THE PROBLEM: For this exercise, copy all the data exactly and include none of the pictures.

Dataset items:
>>>>>
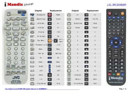 Below, we will show you the correspondence between each button on the original remote control and the button that performs the same function on the replacement remote control. In some cases, you may need to press the SHIFT key before pressing another button to perform certain actions. These additional functions are often not widely used and are included to facilitate understanding of the replacement remote control, or because the original remote control has more buttons than its equivalent.
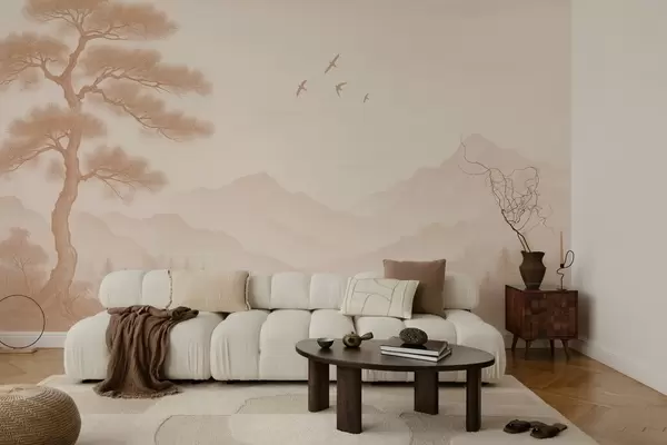 Fototapet panorama de dealuri cu un copac mare în nuanțe de mocha Nr. w04033v1
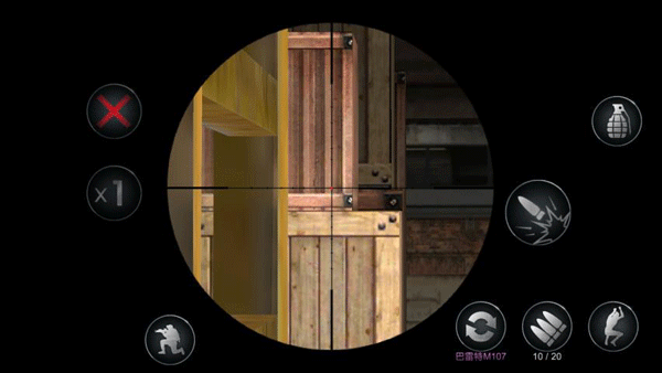 玩家在使用狙擊槍時(shí)大致操作位置相同,在點(diǎn)擊射擊按鈕后進(jìn)入開鏡模式,開鏡模式下右側(cè)會(huì)顯示開鏡的倍數(shù)和退出開鏡模式的按鈕。同時(shí)普通模式的按鈕全部保存,玩家可以隨心所欲的操作。
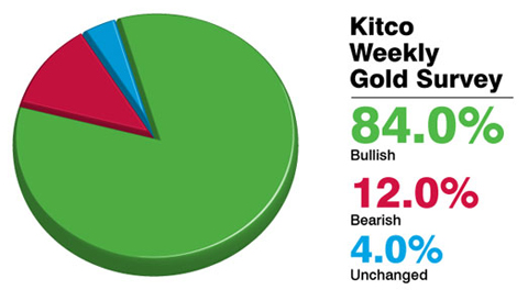 Cuộc khảo sát thường lệ của Kitco đã cho thấy, trong số 25 người tham gia, có tới 21 bỏ phiếu giá lên (chiếm 84%), trong khi ba thấy giá xuống (chiếm 12%) và chỉ một cho rằng giá vẫn đứng yên (4%).
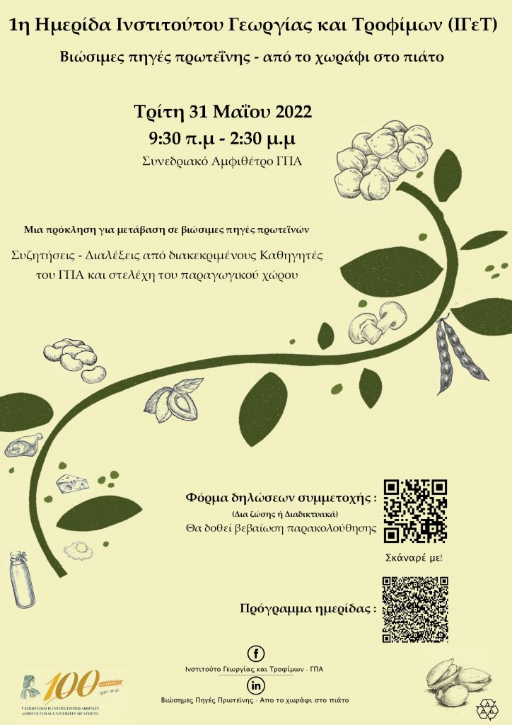 Εναλλακτικές πηγές πρωτεΐνης- Από το χωράφι στο πιάτο Στις 31 Μαϊου 2022, το ΙΓεΤ άνοιξε τις πόρτες του στην κοινότητα του Γεωπονικού Πανεπιστημίου Αθηνών και εγκαινίασε την δράση του με μια ημερίδα αφιερωμένη στην βιωσιμότητα και ειδικότερα στην πρόκληση για μετάβαση σε βιώσιμες πηγές πρωτεϊνών. Η ημερίδα περιελάμβανε διαλέξεις και συζητήσεις από διακεκριμένους Καθηγητές του ΓΠΑ και […]
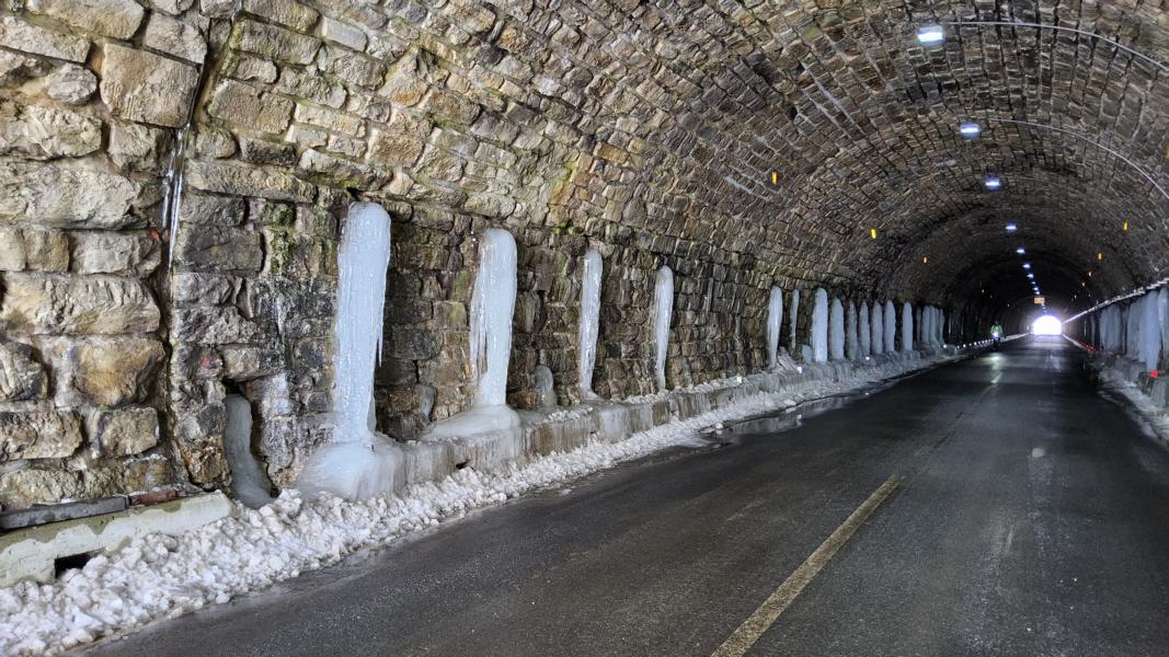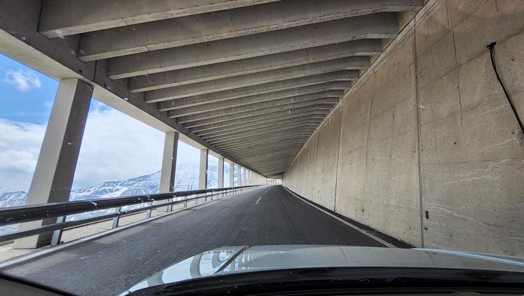 Um die Lawinengefahr auszuschalten, hat man Lawinentunnel errichtet. Abschüssiges Wasser wird unter der Straße weitergeleitet.
<<<<<
THE ANSWER:
 Below, we will show you the correspondence between each button on the original remote control and the button that performs the same function on the replacement remote control. In some cases, you may need to press the SHIFT key before pressing another button to perform certain actions. These additional functions are often not widely used and are included to facilitate understanding of the replacement remote control, or because the original remote control has more buttons than its equivalent.
 Fototapet panorama de dealuri cu un copac mare în nuanțe de mocha Nr. w04033v1
 玩家在使用狙擊槍時(shí)大致操作位置相同,在點(diǎn)擊射擊按鈕后進(jìn)入開鏡模式,開鏡模式下右側(cè)會(huì)顯示開鏡的倍數(shù)和退出開鏡模式的按鈕。同時(shí)普通模式的按鈕全部保存,玩家可以隨心所欲的操作。
 Cuộc khảo sát thường lệ của Kitco đã cho thấy, trong số 25 người tham gia, có tới 21 bỏ phiếu giá lên (chiếm 84%), trong khi ba thấy giá xuống (chiếm 12%) và chỉ một cho rằng giá vẫn đứng yên (4%).
 Εναλλακτικές πηγές πρωτεΐνης- Από το χωράφι στο πιάτο Στις 31 Μαϊου 2022, το ΙΓεΤ άνοιξε τις πόρτες του στην κοινότητα του Γεωπονικού Πανεπιστημίου Αθηνών και εγκαινίασε την δράση του με μια ημερίδα αφιερωμένη στην βιωσιμότητα και ειδικότερα στην πρόκληση για μετάβαση σε βιώσιμες πηγές πρωτεϊνών. Η ημερίδα περιελάμβανε διαλέξεις και συζητήσεις από διακεκριμένους Καθηγητές του ΓΠΑ και […]
 Um die Lawinengefahr auszuschalten, hat man Lawinentunnel errichtet. Abschüssiges Wasser wird unter der Straße weitergeleitet.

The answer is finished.